Instructions: Cook turkey sausage links according to package instructions. Sauté spinach with minced garlic in a non-stick skillet until wilted.


Baked Cod with Steamed Broccoli

  • 3 oz baked cod filet

  • 1 cup steamed broccoli

  • Lemon juice for drizzling

Instructions: Preheat oven to 375°F (190°C). Place cod filet on a baking sheet lined with parchment paper. Season with salt, pepper, and lemon juice. Bake for 15-20 minutes or until cod flakes easily with a fork.

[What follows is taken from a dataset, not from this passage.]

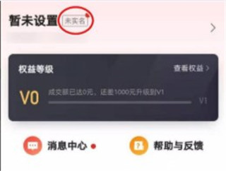 进入个人中心后,若尚未完成实名认证,点击“未实名”或右上角箭头图标继续操作。
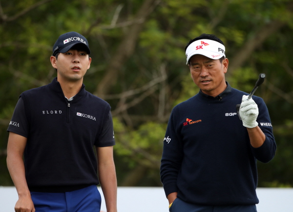 국가대표 김동은선수와 공략지점을 바라보는 최경주프로

Steam broccoli until tender


Reminder: No raw vegetables until 3 months post-op!


Tuna Salad Lettuce Wraps


  • 3 oz canned tuna, drained

  • Lettuce leaves for wrapping

  • 1/4 cup diced cucumbers

  • 1/4 cup diced tomatoes

  • Fat-free, sugar-free mayo or Greek yogurt

Instructions: Mix canned tuna with diced cucumbers and tomatoes. Spoon tuna mixture onto lettuce leaves and wrap. Serve with fat-free, sugar-free mayo or Greek yogurt.


Grilled Shrimp and Vegetable Salad


  • 3 oz grilled shrimp

  • Mixed greens (spinach, lettuce)

  • 1/4 cup sliced bell peppers

  • 1/4 cup sliced cucumbers

  • Fat-free, sugar-free Italian dressing


Instructions: Grill shrimp until cooked through. Mix greens, bell peppers, and cucumbers in a bowl. Add grilled shrimp to the salad. Drizzle with fat-free, sugar-free Italian dressing.


Grilled Chicken Salad


  • 3 oz grilled chicken breast

  • 2 cups mixed greens

  • 1/2 cup cherry tomatoes, halved

  • 1/4 cup sliced bell peppers

  • 1/4 cup sliced cucumbers

  • Fat-free, sugar-free balsamic vinaigrette


Instructions: Grill chicken breast until cooked through. Combine mixed greens, cherry tomatoes, bell peppers, and cucumbers in a large bowl. Slice grilled chicken and add to the salad. Drizzle with fat-free, sugar-free balsamic vinaigrette.